Extended Data Figure 2 Suppression of DOPA formation by the presence of substrate fumitremorgin B.
There is no immediate evidence for the formation of DOPA upon the exposure of the FtmOx1–α-KG complex to O2 when the substrate fumitremorgin B is present. Spectra were recorded after FtmOx1 was used as the control to blank the UV–visible absorption reading.
Extended Data Figure 3 HPLC chromatograms of the FtmOx1 reaction enzyme-concentration dependence.
Chromatograms of FtmOx1 reactions with increasing amounts of FtmOx1 relative to the amount of substrate. The reaction mixture contained 100 mM Tris-HCl, (pH 7.5), 180 μM fumitremorgin B, 2 mM α-ketoglutarate, and variable amounts of FmOx1. Identities of the peaks were assigned based on subsequent NMR and MS characterizations of the isolated compounds. This experiment indicates that FtmOx1 is capable of catalysing endoperoxides formation in the absence of any other reductants.

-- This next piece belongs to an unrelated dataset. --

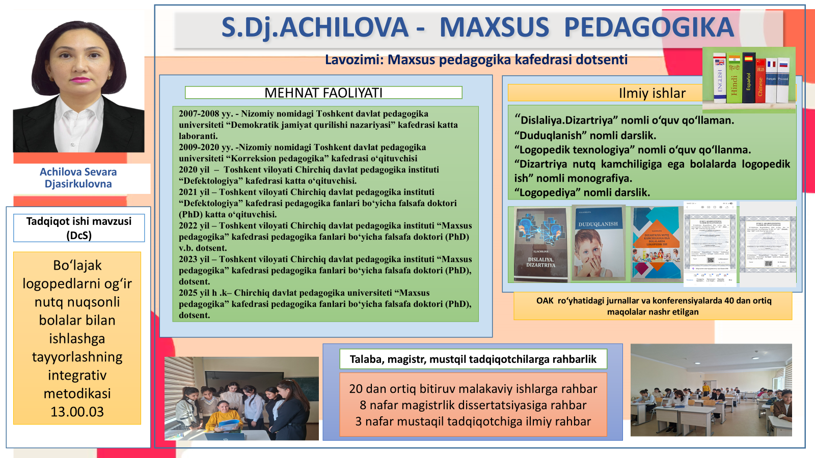 2025 yil S.Achilova rahbarligida Dehqonova M.G' “INDIVIDUAL TA’LIM SHAROITIDA BOʻLAJAKMAXSUSPEDAGOGLARNI LOGOPEDIK MASHGʻULOTLARNI MODELLASHTIRISHGA TAYYORLASH METODIKASI” mavzusida Pedagogika fanlari bo‘yicha falsafa doktori (PhD) dissertatsiyasi himoya qildi. 2025 yil 11 iyulda Pedagogika fanlari bo‘yicha falsafa doktori (PhD) diplomini oldi.

Extended Data Figure 4 Stoichiometry determination for α-KG and O2 in FtmOx1 reaction.
a, b, Equivalents of endoperoxide products (2 and 3) produced as a function of the ratio of α-KG to iron-loaded FtmOx1 (a) and oxygen to iron-loaded FtmOx1 (b). The quantification was conducted based on the fumitremorgin B (1), compound 2, and compound 3 internal standards. All calculations were based on the concentration of iron-loaded FtmOx1. The experiments were replicated three times and error bars represent s.d.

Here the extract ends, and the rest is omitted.